F(x)=0,\quad x\le 1,

and

F(x)=\int_1^x (d-1)t^{-d}\mathrm{d}t=1-x^{-(d-1)},\quad x>1.

$2$ Check normalization:

\int_{-\infty}^{\infty} C e^{-x-e^{-x}} \mathrm{d}x.

Let $u=e^{-x}$ . Then $\mathrm{d}u=-e^{-x}\mathrm{d}x$ . As $x\to-\infty$ , $u\to\infty$ ; as $x\to\infty$ , $u\to0$ . Hence

\int_{\infty}^{0} C e^{-u} (-\mathrm{d}u) = C \int_0^{\infty} e^{-u} \mathrm{d}u = C.

So $C=1$ . The distribution function is

F(x) = \int_{-\infty}^x e^{-t-e^{-t}} \mathrm{d}t = \int_{e^{-x}}^{\infty} e^{-u} \mathrm{d}u = e^{-e^{-x}}, \quad -\infty < x < \infty.

Problem

Let $U$ be uniformly distributed on $(0,1)$ on some probability space. Let $F$ be a strictly increasing distribution function. Define a new random variable $Y=F^{-1}(U)$ , that is, $Y(\omega)=F^{-1}(U(\omega))$ . Prove that the distribution function of $Y$ is $F$ .

Proof

Since $F$ is strictly increasing, $F^{-1}$ exists and is also strictly increasing. For any real $y$ ,

F_Y(y)=\mathbb{P}(Y\le y) =\mathbb{P}(F^{-1}(U)\le y).

Applying $F$ to both sides of the inequality does not change the direction, so

\mathbb{P}(F^{-1}(U)\le y)=\mathbb{P}(U\le F(y)).

Since $U\sim U(0,1)$ and $0\le F(y)\le 1$ ,

\mathbb{P}(U\le F(y))=F(y).

Thus $F_Y(y)=F(y)$ .

Problem

Let $(X,Y)$ be an integer-valued random vector with joint probability mass function $f(x,y)$ . Prove that for $x,y\in\mathbb{Z}$ ,

\begin{aligned} f(x, y) &= \mathbb{P}(X \ge x, Y \le y) - \mathbb{P}(X \ge x+1, Y \le y) \\ &\quad - \mathbb{P}(X \ge x, Y \le y-1) + \mathbb{P}(X \ge x+1, Y \le y-1). \end{aligned}

Then find the joint probability mass function of the minimum $X_{\min}$ and the maximum $X_{\max}$ in $r$ rolls of a fair die.

Solution

First, write

\{X \ge x, Y \le y\} = \{X = x, Y \le y\} \cup \{X \ge x+1, Y \le y\}.

The two events on the right are disjoint.

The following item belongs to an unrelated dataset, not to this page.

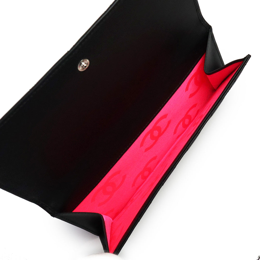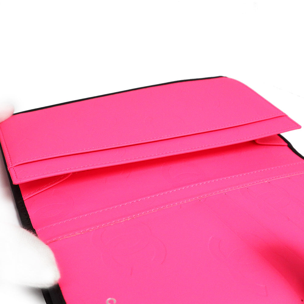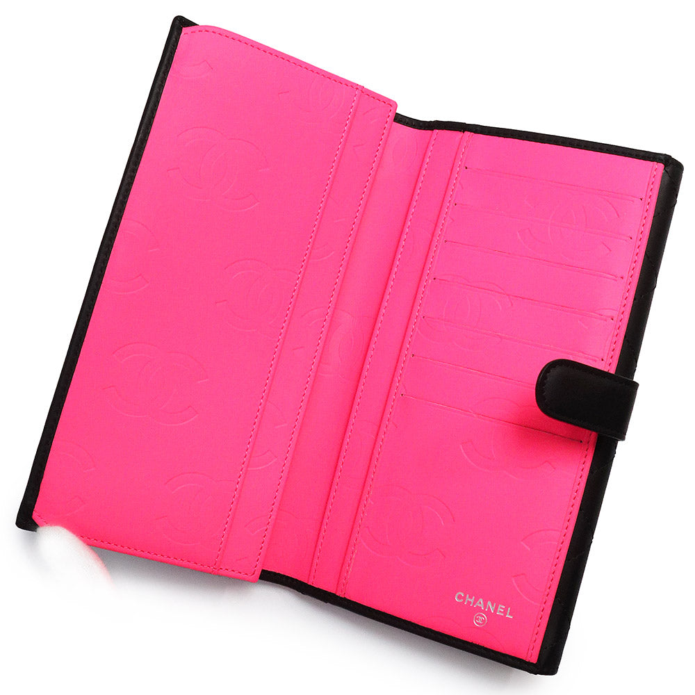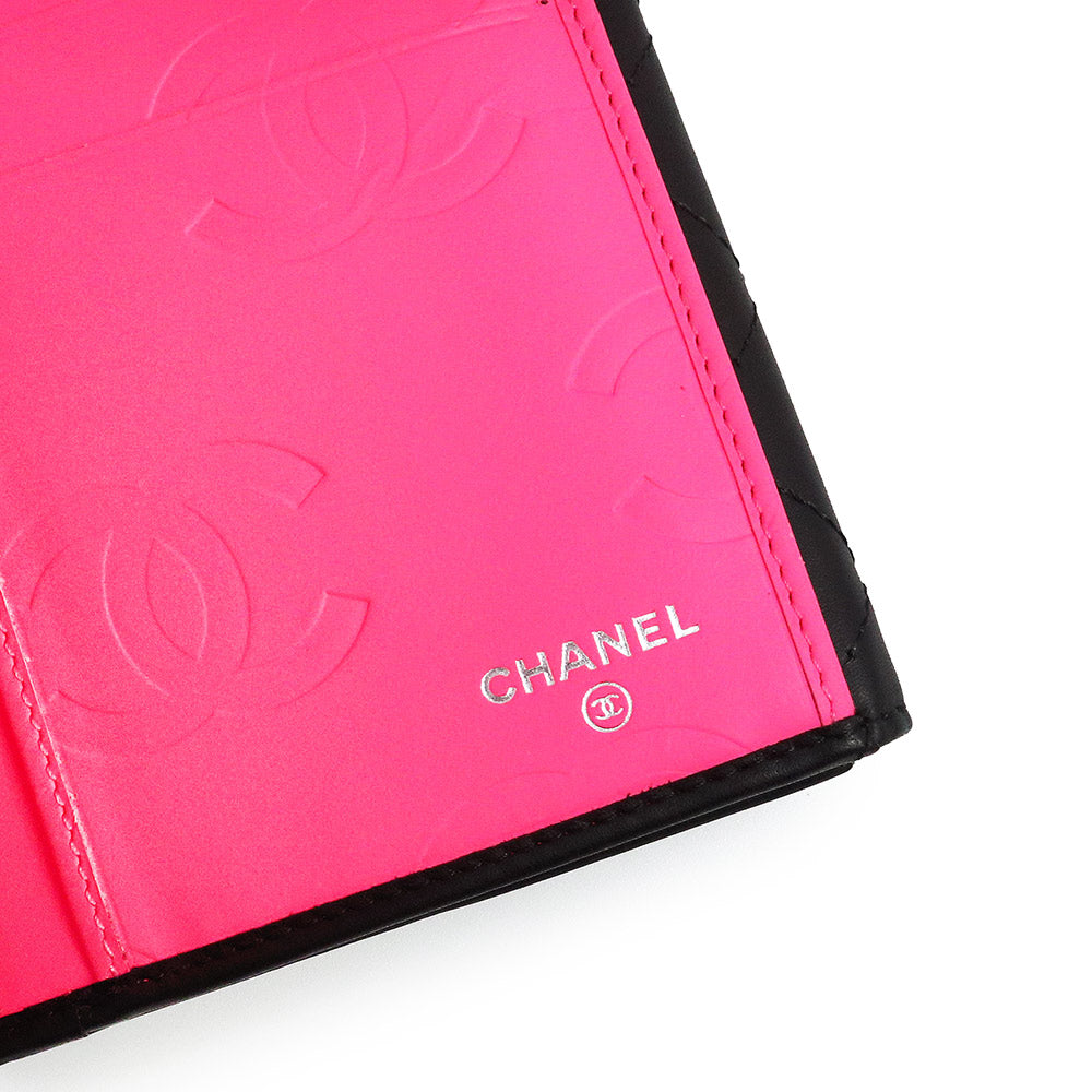 【新品・未使用品】シャネル CHANEL カンボンライン Wホック キルティングウォレット 二つ折り長財布 カーフスキン レザー ブラック ピンク シルバー金具 A46643

Hence

\mathbb{P}(X = x, Y \le y) =\mathbb{P}(X \ge x, Y \le y)-\mathbb{P}(X \ge x+1, Y \le y).

The same argument with $y-1$ gives

\mathbb{P}(X = x, Y \le y-1) =\mathbb{P}(X \ge x, Y \le y-1)-\mathbb{P}(X \ge x+1, Y \le y-1).

Also,

\{X = x, Y \le y\} = \{X = x, Y = y\} \cup \{X = x, Y \le y-1\}.

Therefore

f(x,y)=\mathbb{P}(X=x,Y=y) =\mathbb{P}(X=x,Y\le y)-\mathbb{P}(X=x,Y\le y-1),

and substituting the two previous identities gives the desired formula.

For $r$ rolls of a fair die, the event $X_{\min}\ge i$ and $X_{\max}\le j$ means that all $r$ outcomes lie in the interval $[i,j]$ . If $1\le i\le j\le 6$ , then

\mathbb{P}(X_{\min} \ge i, X_{\max} \le j) =\left(\frac{j-i+1}{6}\right)^r.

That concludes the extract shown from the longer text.